REQUIREMENT - From the line containing "Two sailboats glide" down to the last line of the entries, print each line exactly and leave the pictures out.

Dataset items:
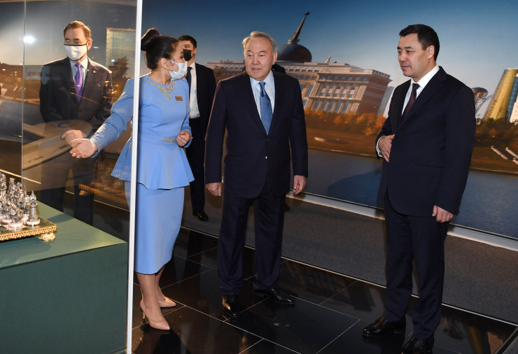 Перед началом переговоров Елбасы и Президент Кыргызской Республики осмотрели экспозиции, представленные в "Назарбаев-центре".
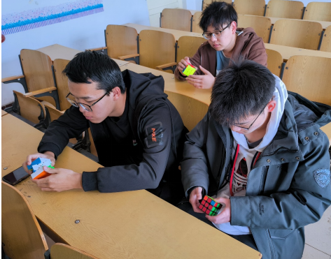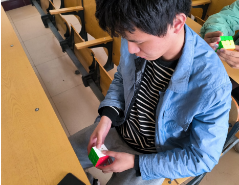 Speed Cube兴趣小组举行三阶魔方初赛。在上学期的三阶魔方教学的基础上,兴趣小组举行三阶魔方比赛初赛。比赛当天,所有参赛选手早早地来到了赛场,大家都摩拳擦掌、跃跃欲试。此次比赛在小组内比拼,由小组长担任裁判,对组内每位到场的同学进行计时。首先由组长李昊晟的小组来打样进行比拼,其他小组的成员观看。每位同学进行一次三阶魔方的复原,由复原所需要的时间最短的同学胜出。
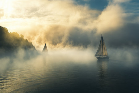 Two sailboats glide silently through thick fog on calm waters during early morning light.
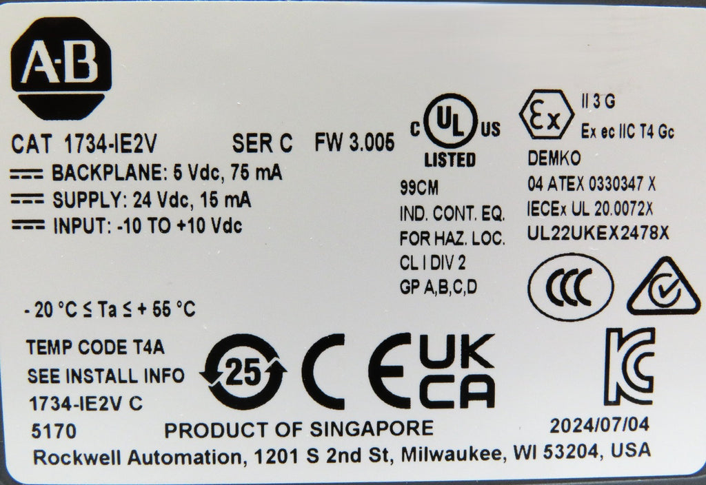 Allen-Bradley 1734-IE2V POINT I/O 2-Ch Analog Input Module 10VDC 15-Bit
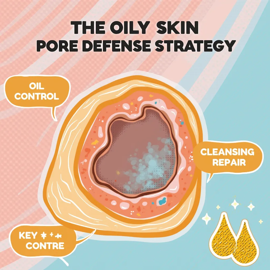 元素:巨型毛孔插画(用橙色线条勾勒)+ 三大关键词气泡「控油|疏通|修护」+ 闪光油滴贴纸
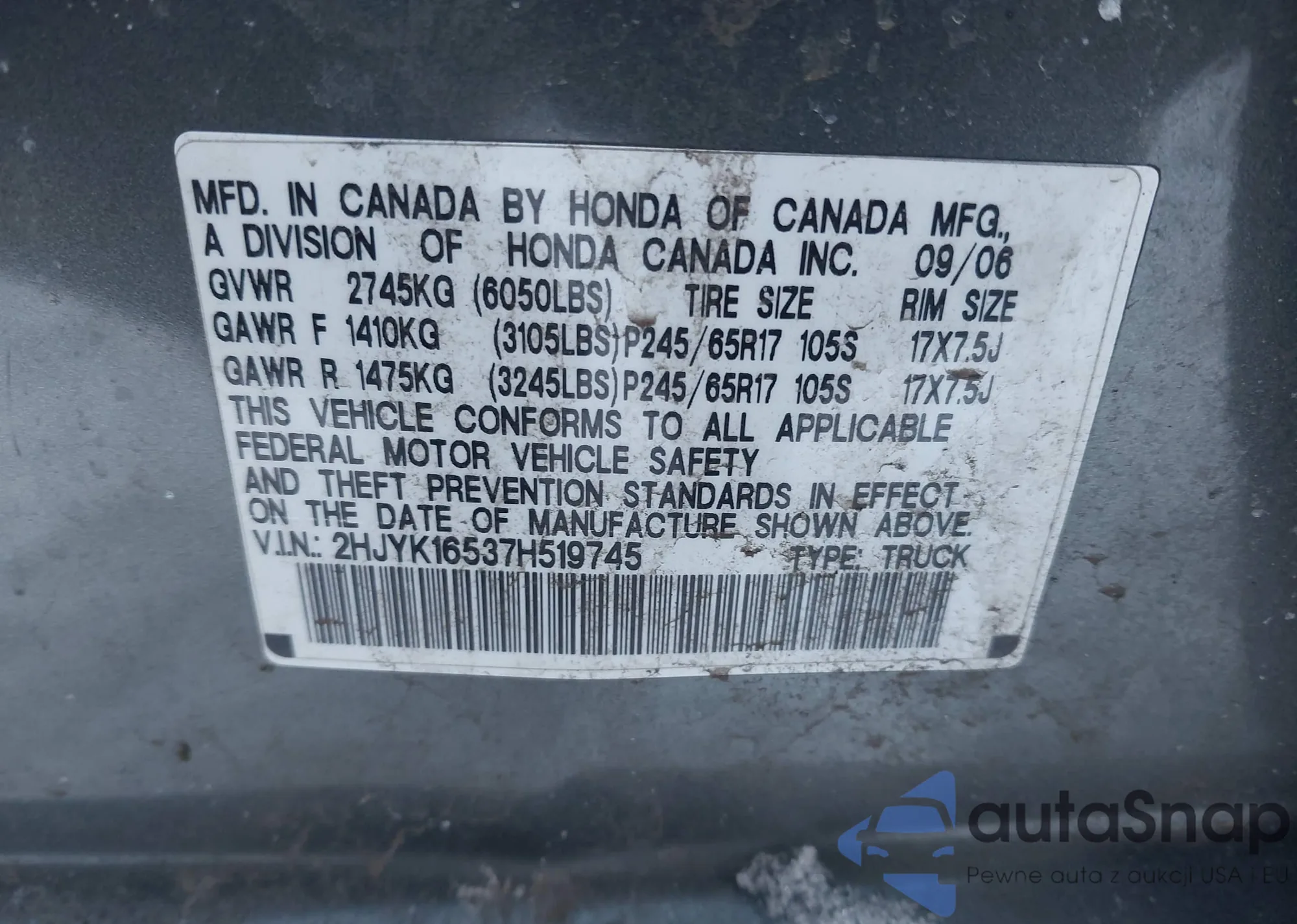 • VIN 2HJYK16537H519745

RESULT OF THE TASK -
 Two sailboats glide silently through thick fog on calm waters during early morning light.
 Allen-Bradley 1734-IE2V POINT I/O 2-Ch Analog Input Module 10VDC 15-Bit
 元素:巨型毛孔插画(用橙色线条勾勒)+ 三大关键词气泡「控油|疏通|修护」+ 闪光油滴贴纸
 • VIN 2HJYK16537H519745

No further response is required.